Anitta: Eu venho aprendendo a lastrar tudo cada vez melhor. Agora, estou falando mais sobre espiritualidade e o poder que encontramos no autoconhecimento por meio das meditações que narrei para o livro. Daqui a pouco tem EP de carnaval saindo e vou viajar pelo país com os “Ensaios”, um projeto que adoro!
Inclusive, para dar conta da maratona de shows, eu recorro aos meus mantras e às próprias meditações, além da preparação física, evidente. Tudo o que faço hoje tem um proporção maior de presença e consciência.
g1 – Alguns fãs estranharam o proclamação dessas meditações guiadas, porquê se fosse um rumo de curso totalmente dissemelhante. O que você pensa sobre isso?
Anitta: Os meus fãs são maravilhosos e super preocupados comigo. Mas as meditações são feitas pela Larissa. Não é um trabalho artístico. Existe um outro lado meu que se interessa em buscar e saber mais sobre mim mesma.
g1 – Você é conhecida por ser muito estratégica e inteligente com a sua curso e tem muita coisa da vida da Larissa que você escolhe não compartilhar. Logo, por que você quis trazer a relação com a Max e com a espiritualidade para a sua imagem pública também? Porquê foi esse processo de decisão?
Anitta: A minha jornada de autoconhecimento tem sido extremamente transformadora, principalmente em relação ao processo de maduração. Hoje, eu me sinto confortável e segura para mostrar esses dois lados.
Max Tovar e Anitta produzem série de meditações guiadas para o livro ‘Musculatura da Espírito’, da cosmoterapeuta
Divulgação
A minha intenção com “Musculatura da Espírito” foi tentar fazer com que os aprendizados que eu tive pudessem chegar a mais pessoas. Simples que requer tempo e dedicação, mas vale muito a pena. Não quero proferir que a minha vida agora é um paraíso. Não é isso. Os dias difíceis existem, mas são encarados de outra forma, com mais leveza e munificência.
g1 – No prefácio, você fala muito do tema de arrogância e julgamento.

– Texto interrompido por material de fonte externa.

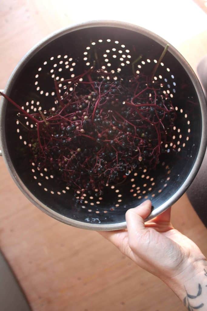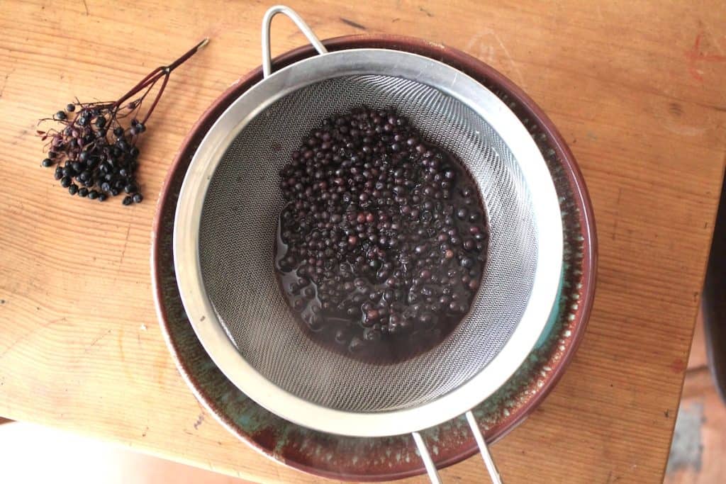 - Pour the mixture through cheesecloth into a glass bowl or measuring cup. Elderberries have tiny seeds that can irritate your stomach and they can fit through my strainer so I use cheesecloth instead.
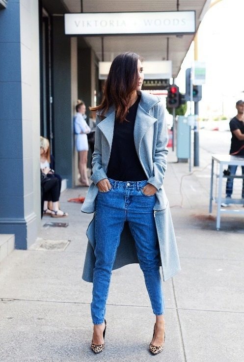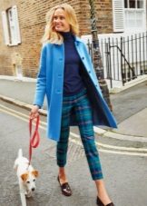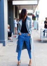 For a blue coat, jeans of any style are perfect. They can be blue, blue or black - all options are good. If you replace jeans with pants, get a stylish business look.
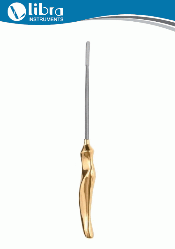 LIBRA Brand Flap Dissector 5mm Tip, Length 9¼”/23.5cm is Total Overall Length Size, Straight, Useful in Facelift Surgery, elevation in continuity of the periosteum off the zygomatic arch. Handcrafted With German Stainless Steel. Satin Finish With Gold Plated Hollow Handles. Original Pics are Attached
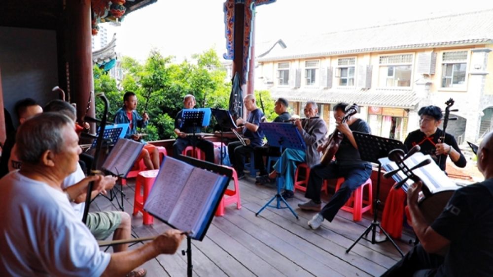 清晨八点,金马坊古戏台前,63岁的祁家福带着民乐队奏响《众手浇开幸福花》,悠扬旋律引得路人驻足拍手。“以前没固定场地,队员凑不齐,在小区练习还怕吵到邻居,大家都没干劲。”祁家福笑着说。自金马坊改造后,古戏台成了民乐队的“专属排练室”,配套设施一应俱全。六年来,乐队从“不识简谱”到能演数十首曲目,还常登全县汇演舞台。如今的金马坊,非遗展演、民俗活动轮番上演,老街区成了居民的“文化客厅”,日子过得有滋有味。

Por que esses temas ressoaram tanto com você?
Anitta: Acho que vem muito de um momento em que a minha curso era tudo que importava. Era porquê se não existisse mais zero. E por conta disso, eu me sobrecarreguei, me desequilibrei e a minha saúde pediu socorro.
Quando a gente vive dessa maneira, se torna muito difícil enxergar o que realmente importa. Tudo é urgente, tudo é para ontem, tudo é alguma coisa. Isso te prende em certos jeitos de fazer as coisas que você nem percebe. A gente começa a entrar em um ciclo de frustração, raiva e culpa que não faz muito a nós mesmos e a quem está ao nosso volta.
g1 – Você teve qualquer aprendizagem técnico, sobre voz e gravação, ao gravar as meditações guiadas? Um pouco que queira levar para a música?
Anitta: Esse processo de narração das meditações para o livro me mostrou ainda mais o poder de concentração e força que elas têm. Eu meio que já sabia, porque sou adepta há alguns anos e fazem segmento da minha rotina, mas, dessa vez, mexeu comigo em outro lugar. Eu definitivamente vou levar esse aprendizagem para a minha vida.